Mr. Burton concluded:
"We have completed or announced the addition of four outstanding companies to Cenveo this year. Printegra, a leader in the short-run printing market, joined us in February. In March, we completed the acquisition of Cadmus, the world's largest provider of content management and print offerings to scientific, technical, and medical journal publishers, and a leading provider of specialty packaging products. We significantly enhanced our commercial printing operations in the West Coast market by acquiring ColorGraphics in July 2007. In addition, we will be expanding our geographic reach and capabilities in the high-growth direct mail market. We have committed financing in place in regards to our previously announced agreement to acquire Commercial Envelope, and anticipate closing this transaction in the third quarter of this year. These four market leaders, with combined annualized revenues of over $850 million, offer enhancements to our product offerings. We look forward to their contributions both within their respective markets and from cross-selling opportunities through our one-stop shopping platform.

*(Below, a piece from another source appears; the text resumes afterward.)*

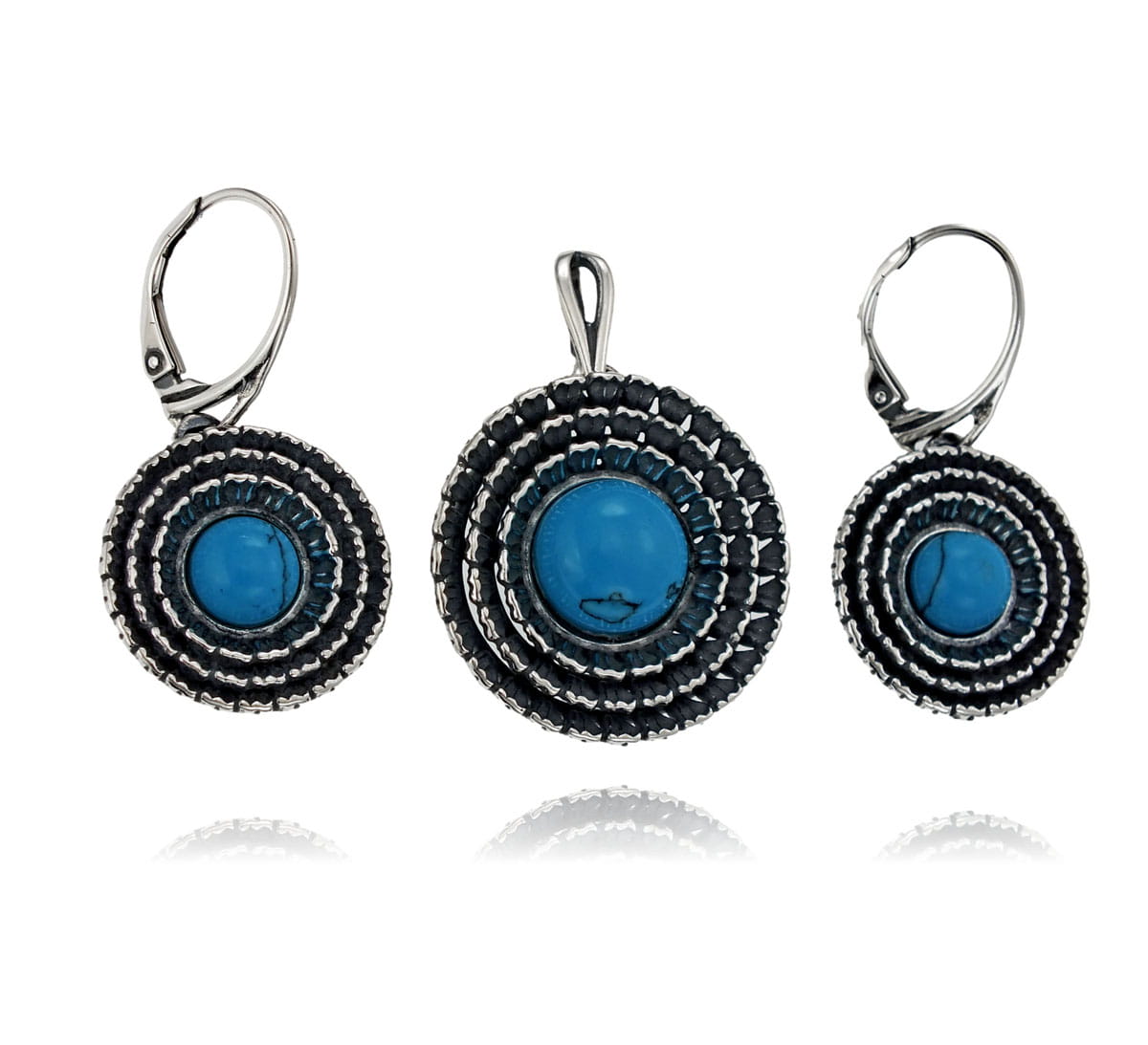 Srebrny Oksydowany Komplet z Turkusami Turkus

We will continue to focus our efforts on integrating these companies into our operations on a swift and aggressive time frame and driving incremental improvements to our platform by focusing on our cost structure, expanding our sales initiatives, increasing productivity and efficiencies and reducing waste. We are focused intensely on increasing our free cash flow and using these funds to service our debt, while also expanding our business through capital expenditures and thoughtful acquisitions. I also remain highly optimistic for our growth prospects for the remainder of the year. Our sales backlog has strengthened, and we are now seeing the benefits of our one-stop shopping sales efforts. As we put the first half of 2007 behind us, I can assure you that we are extremely focused on delivering on the back half of the year. We are proud of our second quarter results; our third quarter looks promising, and we remain comfortable with the targets we communicated for the full year."